Balkenende am Ende

Die Islamkritikerin Hirsi Ali wurde von der niederländischen Regierung wiederholt schikaniert. Daran zerbrach in der vorigen Woche die Regierungskoalition. von kerstin eschrich

Als gewiefter Politiker hat sich Jan-Peter Balken­­ende nicht gerade erwiesen. Während der Kampagne gegen die Parlamentarierin Ayaan Hirsi Ali, der vorgeworfen wurde, ihre Einbürgerung mit falschen Angaben erschlichen zu haben, unterstützte der niederländische Ministerpräsident seine Kollegin aus der Regierungskoalition nicht. Auch als in der vergangenen Woche bekannt wurde, dass die Integrationsministerin Rita Verdonk Druck auf Hirsi Ali ausübte, um ihr ein Schuldeingeständnis abzupressen, hielt er nicht zu ihr. Wenige Tage später musste seine Regierung dann genau deswegen zurücktreten. Ali, die bekannte Kritikerin des Islams, kann nun ungehindert in die USA auswandern.

Die Auswanderung hat ihr ihre Parteikollegin Verdonk von der rechtsliberalen Volkspartei VVD nicht einfach gemacht. Um ein Visum für die USA beantragen zu können, benötigte Ali, die dort ab September in einem konservativen Think Tank arbeiten wird, einen gültigen Pass. Den hatte ihr Verdonk allerdings seit Mitte Mai verweigert; kurzerhand hatte Verdonk Ali die Staatsangehörigkeit entzogen. (Jungle World, 21/06) Das brachte ihr viel Beifall von Islamisten ein. Die gebürtige Somalierin habe sich die Einbürgerung mit falschen Namens- und Geburtsangaben erschlichen, sagte Verdonk, die einst als Gefängnisdirektorin gearbeitet hat, ungerührt und zitierte eines ihrer Lieblingsmottos: »Eine Regel ist eine Regel und ein Gesetz ist ein Gesetz.«

Am Dienstag der vergangenen Woche machte sie die Ausbürgerung schließlich überraschend rückgängig. Die im Jahr 1997 erfolgte Einbürgerung sei »bei rechtem Licht betrachtet« nicht in Zweifel zu ziehen, behauptete sie nun. Ein Großvater von Hirsi Ali soll ebenfalls diesen Nachnamen getragen haben. Im Gegenzug erpresste Verdonk von ihrer Parteikollegin ein öffentliches Schuldeingeständnis. Ali ließ sich notgedrungen darauf ein und verfasste ein entsprechendes Schreiben. Der Tageszeitung Standard zufolge sagte sie allerdings kurz darauf in ihrer neuen Heimat: »Ich hätte lieber eine andere Erklärung unterschrieben, aber ich war unter Zeitdruck.« Gleichzeitig meinte sie vorausschauend: »Diese Ministerin muss noch viel lernen.«

Zwei Tage später war die Regierungskoalition am Ende. Der kleinste Koalitionspartner, die linksliberale D 66, hat am Donnerstag wegen der schlechten Behandlung Alis die Regierung verlassen. Balken­ende kündigte daraufhin den Rücktritt seiner Regierung an. Im November sollen vorgezogene Neuwahlen stattfinden. Die linksliberale Opposition rechnet sich hierfür gute Chancen aus, da sie in Umfragen derzeit vor den Christdemokraten von Balkenende liegt.

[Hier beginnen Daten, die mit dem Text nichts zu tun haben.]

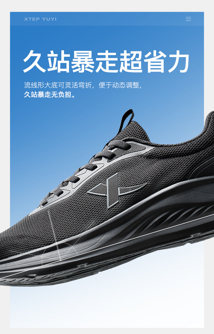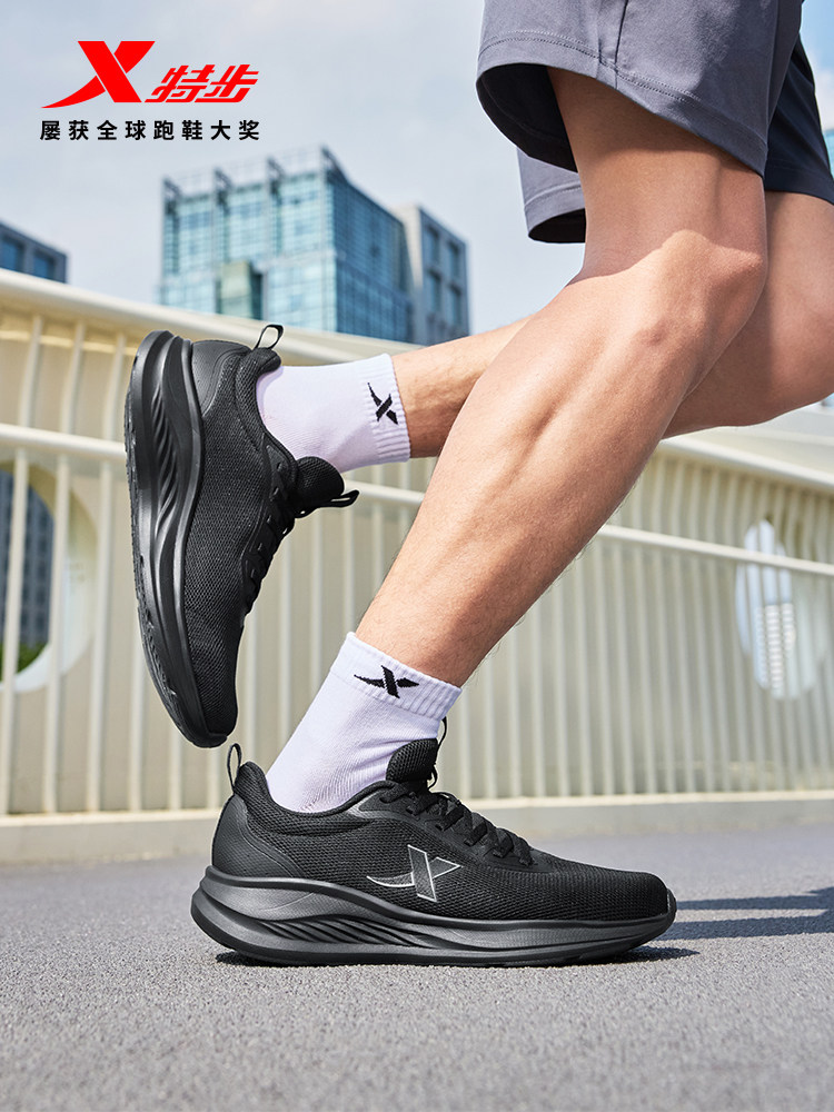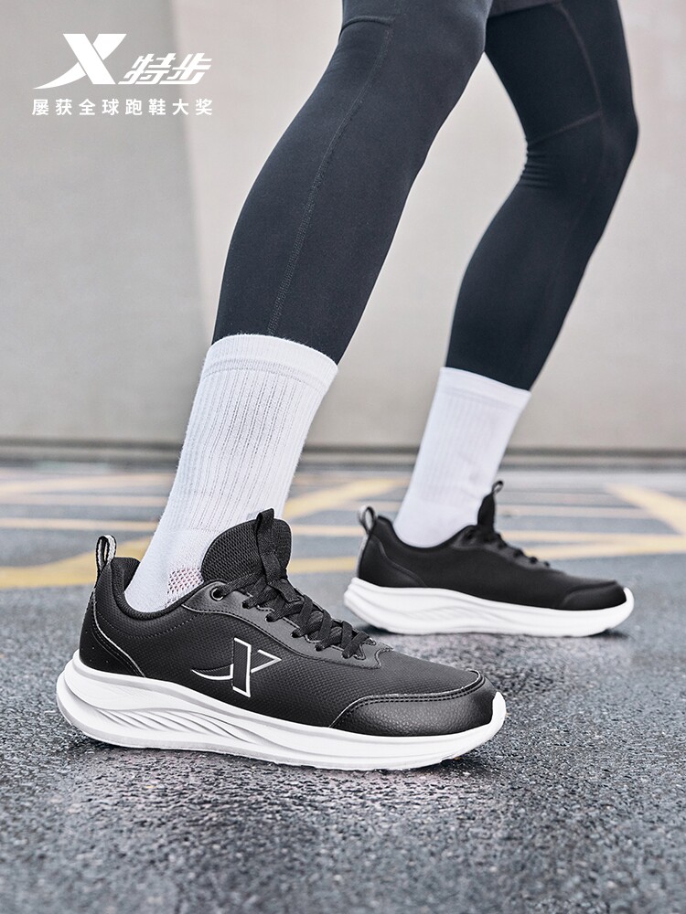 Xtep, демисезонная водоотталкивающая амортизирующая спортивная обувь для черной кожи, предпродажа
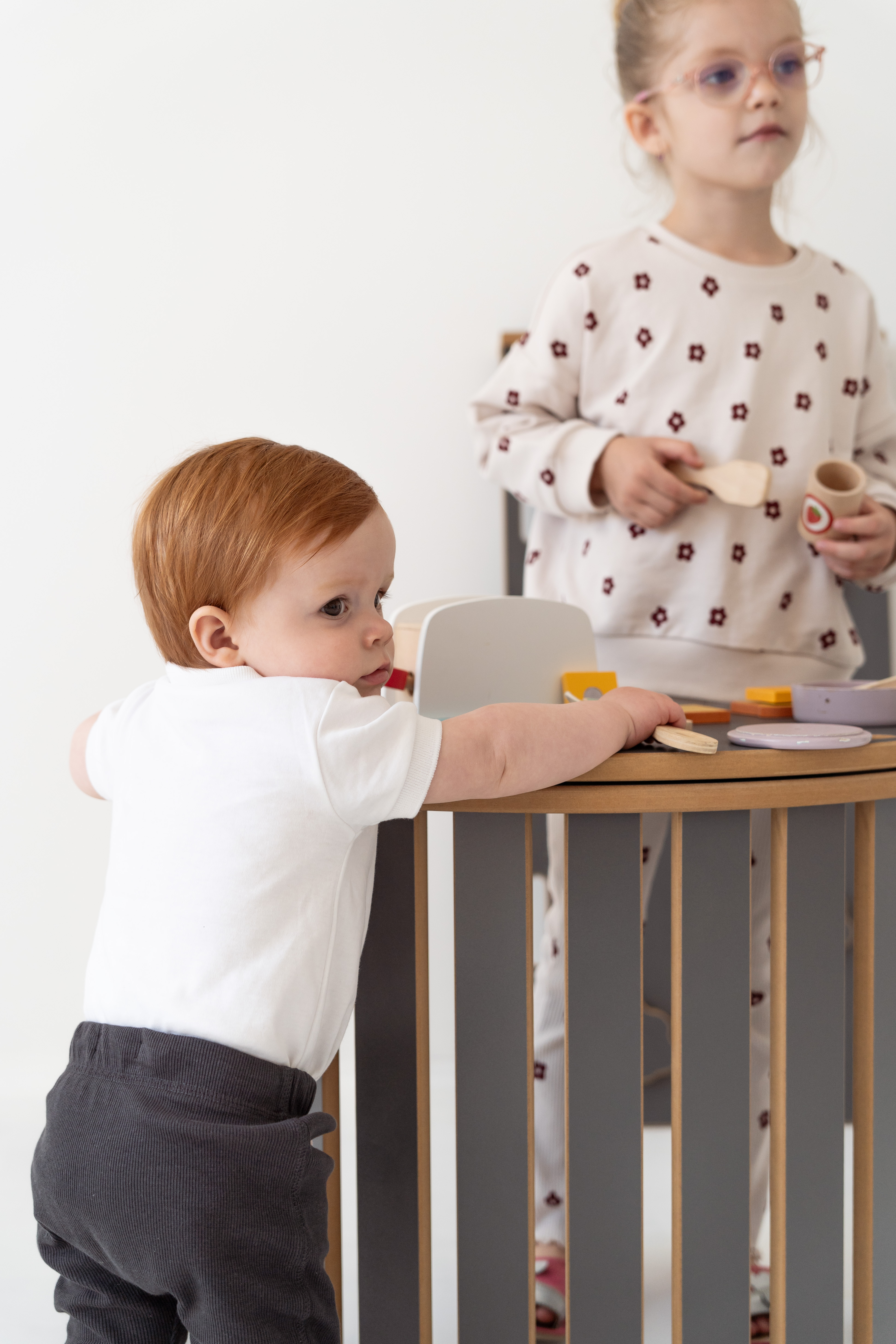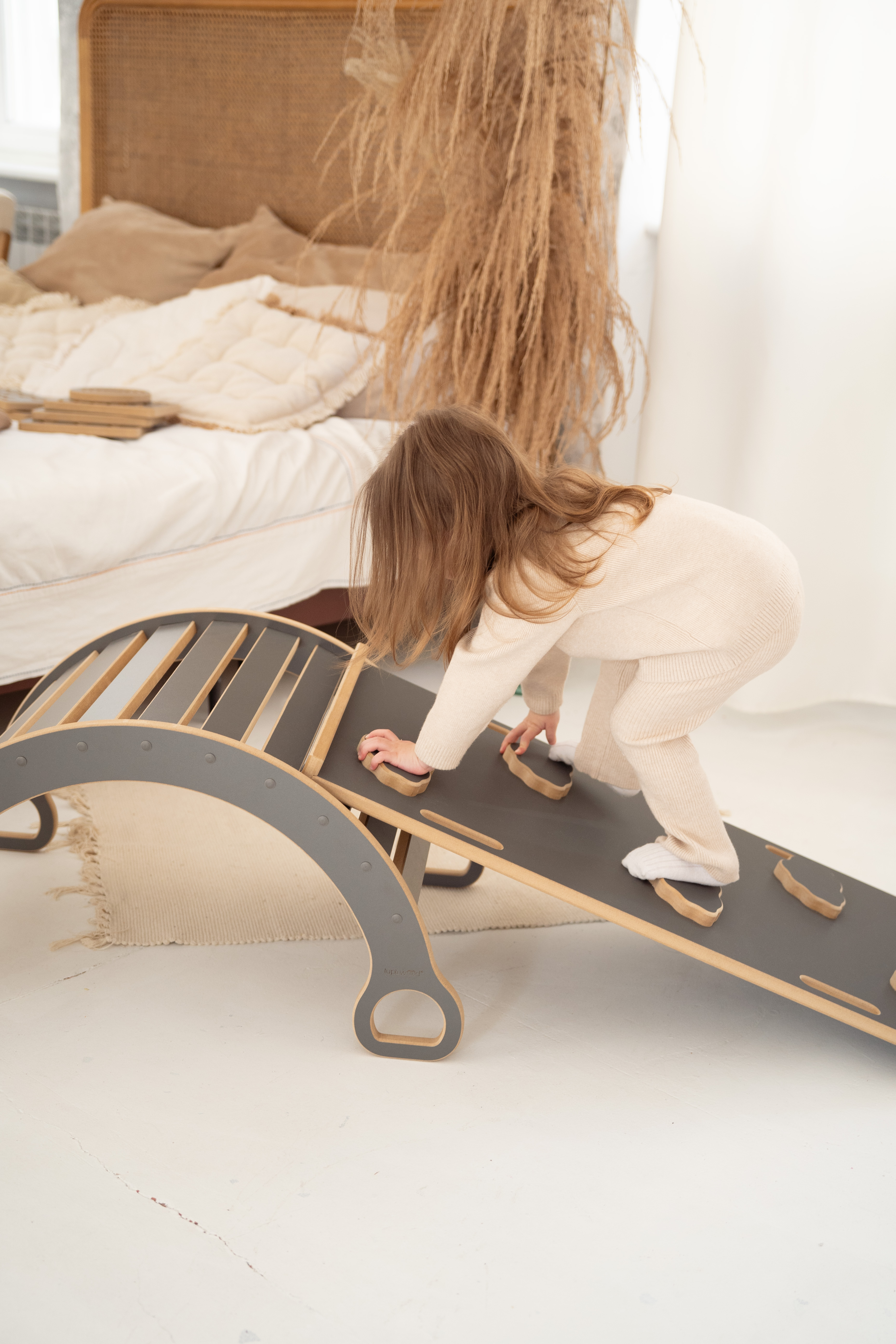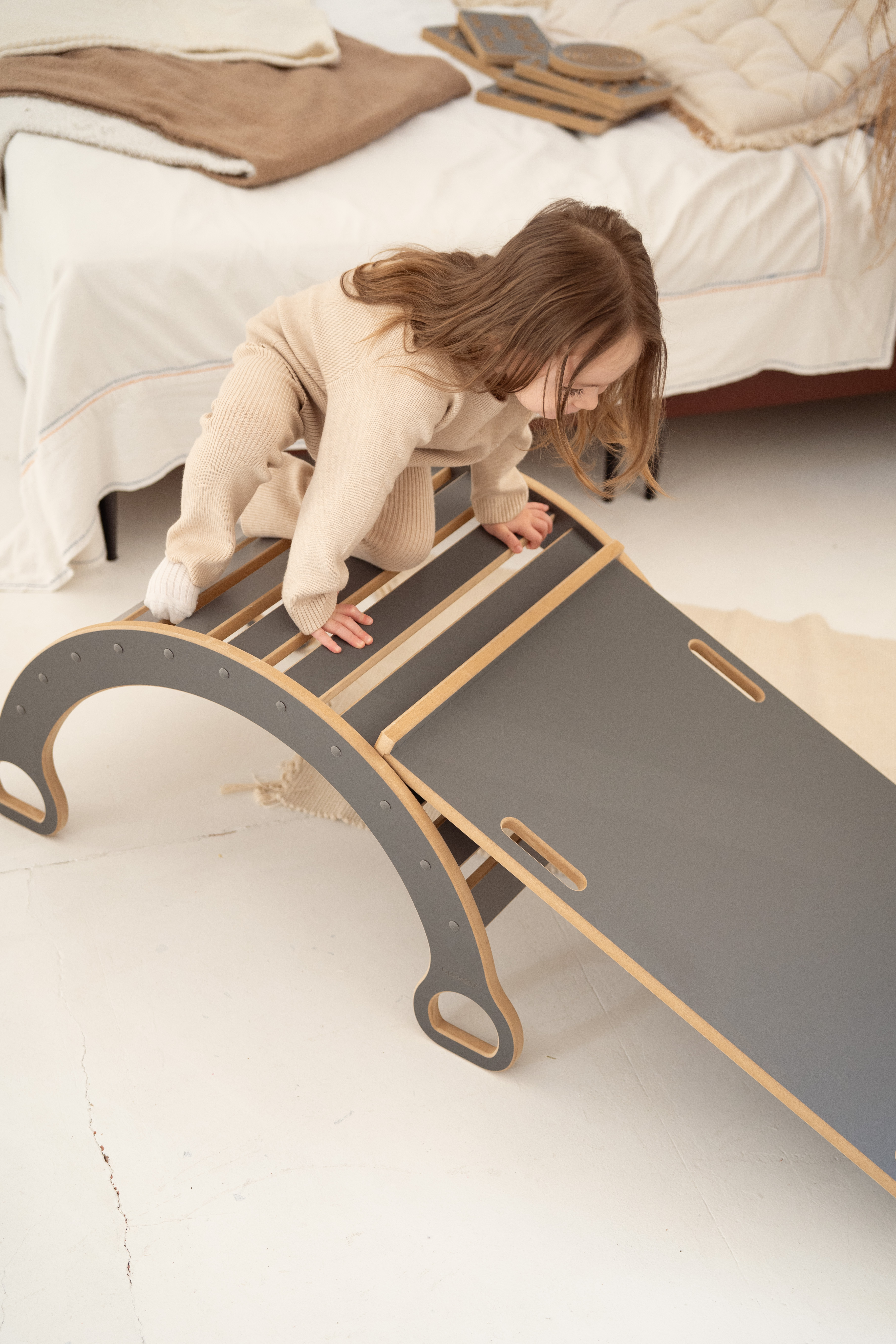 La balancelle est un jouet en bois multifonctionnel inspiré de la pédagogie Montessori, qui durera des années – voire des générations ! Elle offre de nombreuses possibilités d’utilisation, et seule notre imagination nous limite, une ressource dont les enfants ne manquent pas. Jouer avec la balancelle favorise le développement de la motricité globale, de l’équilibre, stimule le sens de la proprioception et la coordination œil-main.

Dass sich D 66 aus der Regierung verabschiedete, ist vor allem dem Betreiben der neuen Parteivorsitzenden, Lousewies van der Laan, zu verdanken. Sie gehört zum sozialliberalen Flügel der Partei, dem die Politik der Koalition noch nie zusagte. Van der Laan hatte bereits während einer Nachtsitzung des Parlaments von Mittwoch auf Donnerstag der vergangenen Woche Verdonks Rücktritt gefordert. Balkenende gestand in der nächtlichen Debatte zwar indirekt ein, dass Ali erpresst worden sei, Konsequenzen zog er daraus aber nicht.

In den vergangenen Jahren kam Verdonk bei der Bevölkerung mit ihrer unbarmherzigen Abschiebepolitik gut an. Kurz vor der WM verweigerte sie, getreu ihrem Motto »Gesetz ist Gesetz«, einem der besten Spieler in Holland, Salomom Kalou, die schnelle Einbürgerung. Er sei nur ein mittelmäßiger Spieler und wolle mit dem Pass zu einem anderen europäischen Verein wechseln, vermutete sie. Nun wird sie auch für das schlechte Abschneiden der Mannschaft bei der WM verantwortlich gemacht. Kalou wird in Zukunft für den englischen Meister FC Chelsea spielen, und Verdonk muss wohl wirklich noch einiges lernen.